Diplomacy: Back at the United Nations

Prime Minister Benjamin Netanyahu’s speech next week at the UN General Assembly in New York will surely be strong and passionate, but what are the chances it will actually change anything?

Netanyahu addresses UN General Assembly (photo credit: REUTERS)
Netanyahu addresses UN General Assembly
(photo credit: REUTERS)
When Prime Minister Benjamin Netanyahu addresses the UN General Assembly next Thursday, October 1, he will be speaking to representatives of a world that in the past listened to his dire warnings about a nuclear Iran and chose not to heed his advice.
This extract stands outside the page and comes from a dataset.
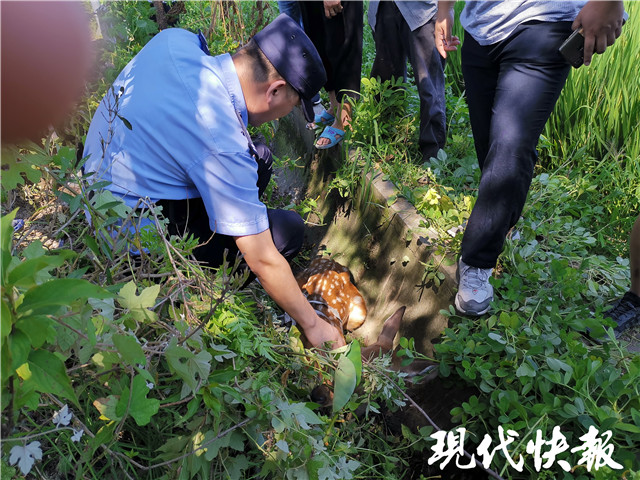 經(jīng)農(nóng)林部門的專業(yè)人員確認(rèn),這是一頭梅花鹿,屬于國家一級保護(hù)動物,但不知從何而來。目前,這頭鹿已被送往南通森林野生動物園。
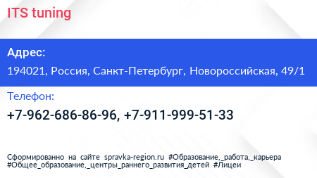ITS tuning по адресу 194021, Россия, Санкт-Петербург, Новороссийская, 49/1 в дальнейшем Организация, размещена в следующих категориях:

When he stands at the podium in front of the aqua marble background, he will be addressing the representatives of Arab countries who, over the past two years, heard him talk about a confluence of Israel and Sunni Arab interests that could be harnessed to bring about regional peace, but who have done nothing to publicly move on that idea.
And he will also be speaking during prime time in Israel, delivering for the domestic audience a well-constructed, articulate oration about the threats of militant Islam, the increasing dangers of Iran, and the recalcitrance of the Palestinians.
If the recent past is any indication, he will speak of Jewish rebirth in its land, and touch on the reemergence of anti-Semitism in the guise of delegitimizing Israel. He will make a strong case, and end with a quote from one of the prophets.
The premier’s backers will praise the speech as speaking truth to power, as proudly giving voice to 2,000 years of Jewish aspirations, as being both conciliatory and strong.
And his detractors will say there was nothing new, nothing bold: no imagination, no initiative, no creativity, just talk of all those threats facing the Jewish state.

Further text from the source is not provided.